● INPUT DATA
######

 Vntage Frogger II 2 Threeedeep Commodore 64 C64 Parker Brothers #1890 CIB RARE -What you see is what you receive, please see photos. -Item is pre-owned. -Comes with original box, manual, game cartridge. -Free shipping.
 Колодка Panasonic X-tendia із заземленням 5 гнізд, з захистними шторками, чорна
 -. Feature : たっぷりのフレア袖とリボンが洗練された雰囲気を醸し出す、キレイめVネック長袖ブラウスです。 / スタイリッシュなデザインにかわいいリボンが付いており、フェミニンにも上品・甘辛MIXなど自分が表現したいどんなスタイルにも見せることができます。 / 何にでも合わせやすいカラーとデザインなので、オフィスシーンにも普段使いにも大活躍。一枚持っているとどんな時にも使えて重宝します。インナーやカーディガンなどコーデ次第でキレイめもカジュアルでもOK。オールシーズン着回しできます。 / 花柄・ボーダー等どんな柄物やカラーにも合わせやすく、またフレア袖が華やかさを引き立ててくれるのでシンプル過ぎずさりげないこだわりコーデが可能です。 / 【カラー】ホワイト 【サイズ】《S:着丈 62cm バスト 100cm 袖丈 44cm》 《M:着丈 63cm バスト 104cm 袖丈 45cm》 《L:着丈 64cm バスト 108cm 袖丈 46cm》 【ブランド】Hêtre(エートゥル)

######

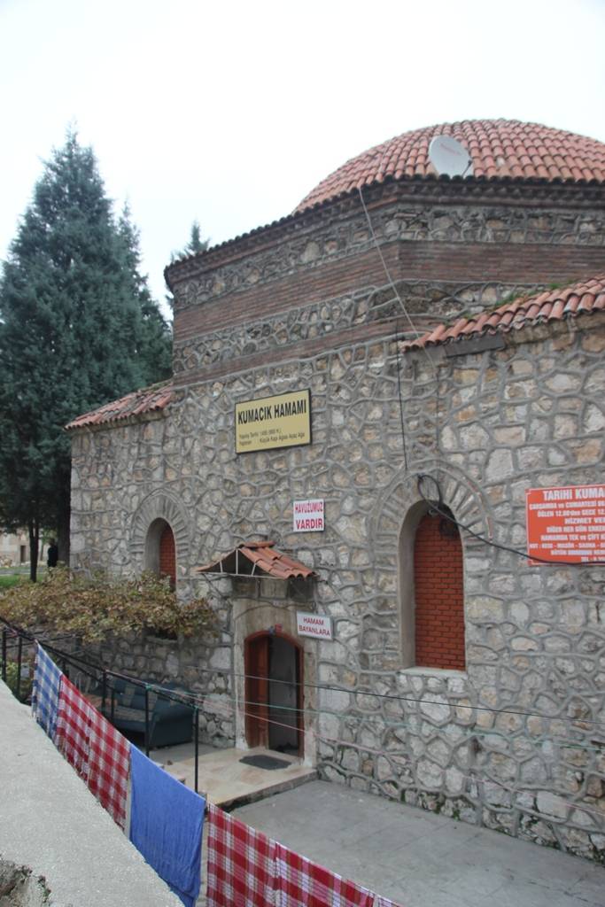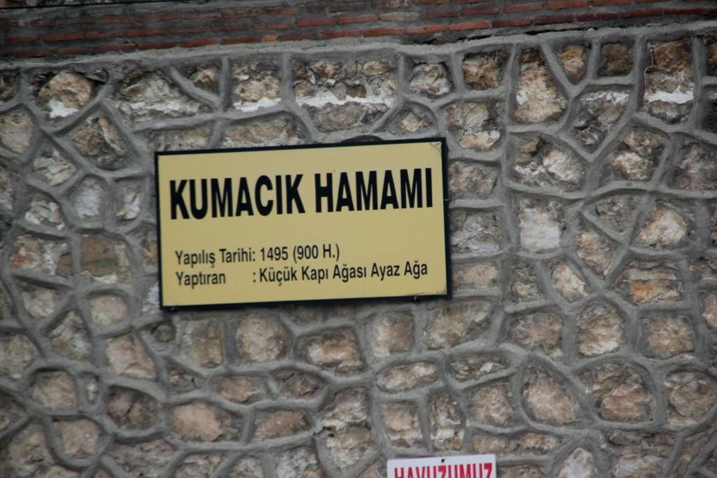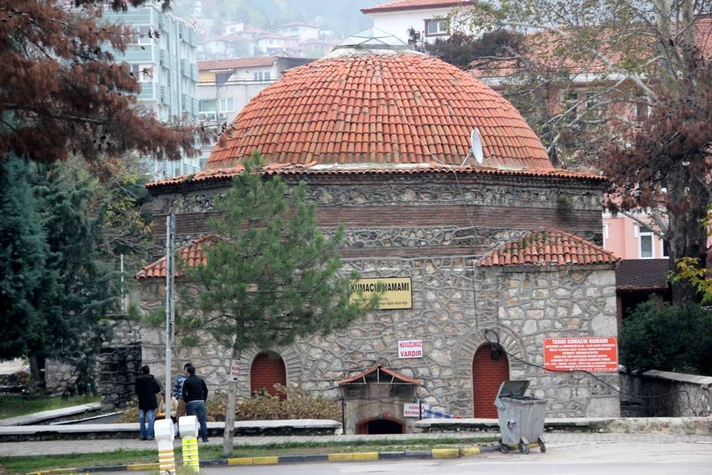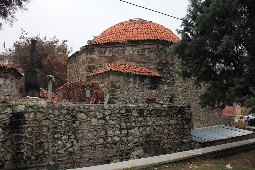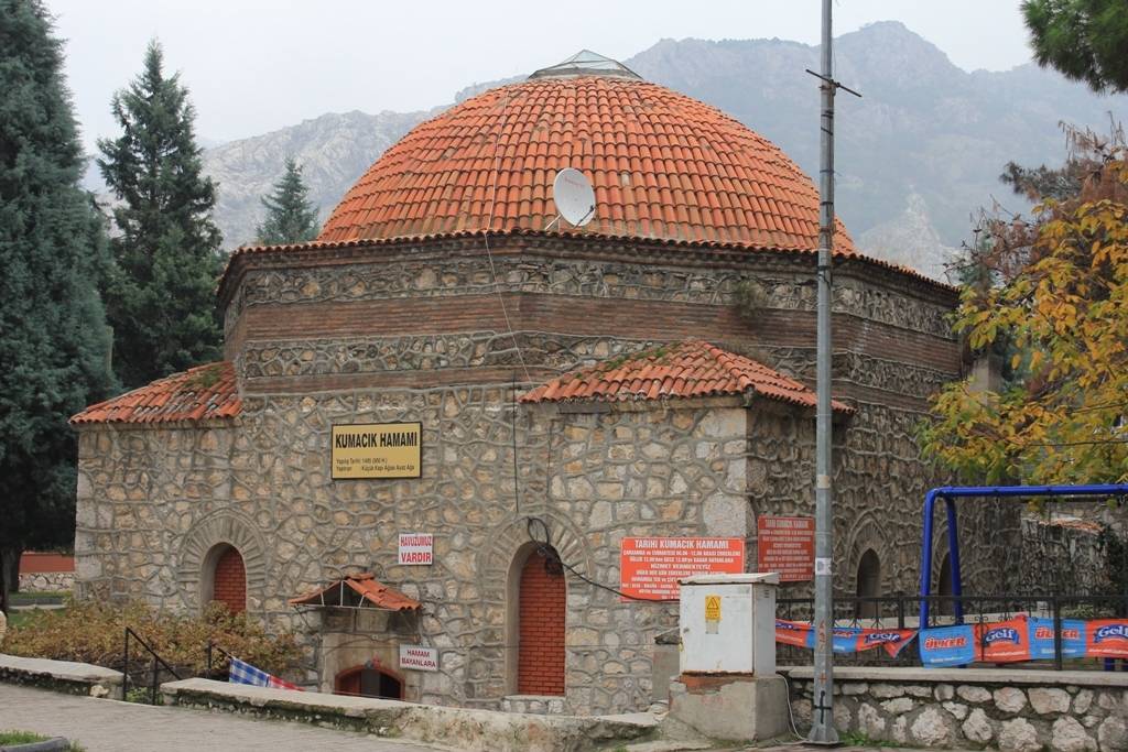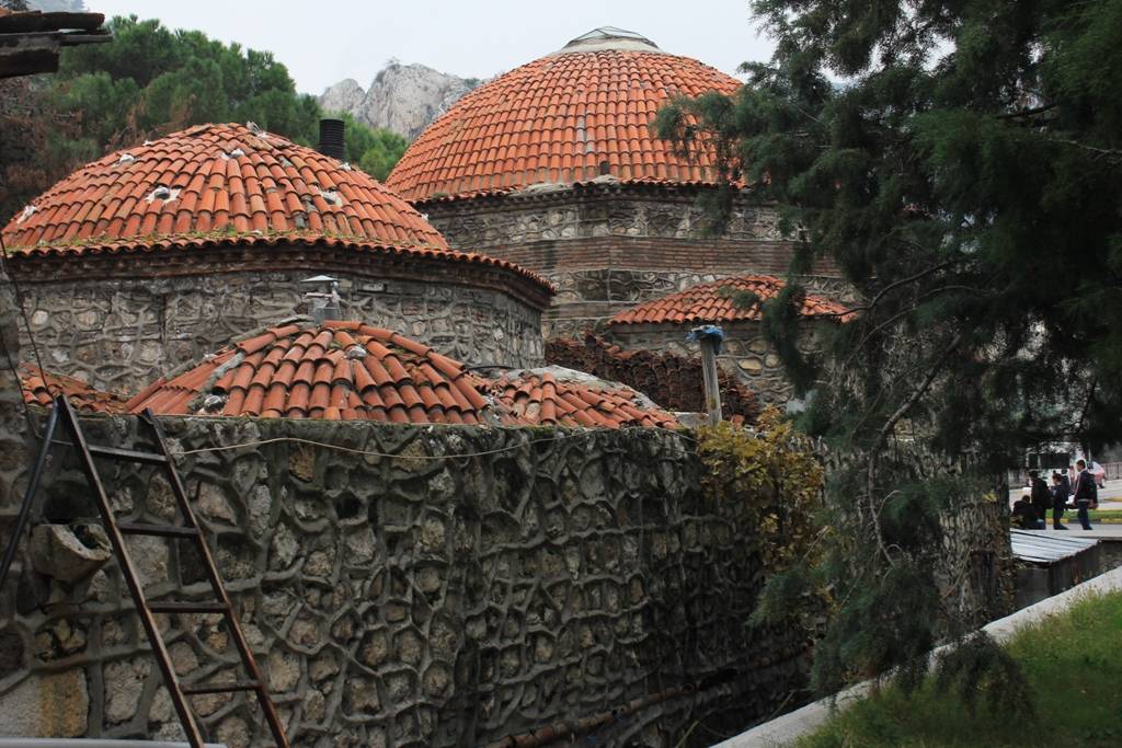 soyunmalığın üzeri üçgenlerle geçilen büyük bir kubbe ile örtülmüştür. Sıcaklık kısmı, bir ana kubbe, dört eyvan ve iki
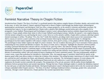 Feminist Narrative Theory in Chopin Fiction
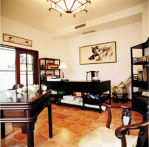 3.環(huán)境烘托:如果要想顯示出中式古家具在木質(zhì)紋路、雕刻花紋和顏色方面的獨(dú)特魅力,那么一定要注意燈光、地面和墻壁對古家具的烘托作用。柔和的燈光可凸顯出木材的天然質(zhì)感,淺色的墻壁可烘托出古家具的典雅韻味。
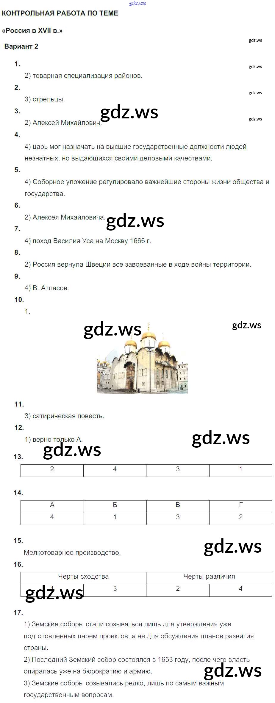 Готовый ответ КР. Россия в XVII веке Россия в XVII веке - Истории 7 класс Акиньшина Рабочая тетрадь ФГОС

######

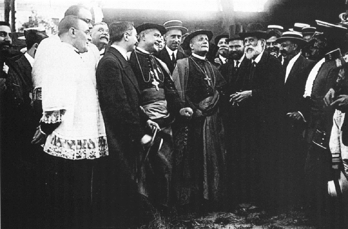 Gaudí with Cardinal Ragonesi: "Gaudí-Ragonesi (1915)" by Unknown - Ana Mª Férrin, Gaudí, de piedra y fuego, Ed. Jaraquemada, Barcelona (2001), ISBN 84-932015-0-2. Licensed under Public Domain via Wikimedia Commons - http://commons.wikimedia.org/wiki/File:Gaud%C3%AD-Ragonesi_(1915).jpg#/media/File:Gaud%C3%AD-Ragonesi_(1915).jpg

######

● EXERCISE
Beginning with the line holding "soyunmalığın üzeri üçgenlerle" in the material above, restate word for word each line through the line holding "Feminist Narrative Theory in Chopin Fiction", and exclude pictures.

● ANSWER TO THE PROBLEM
 soyunmalığın üzeri üçgenlerle geçilen büyük bir kubbe ile örtülmüştür. Sıcaklık kısmı, bir ana kubbe, dört eyvan ve iki
 Feminist Narrative Theory in Chopin Fiction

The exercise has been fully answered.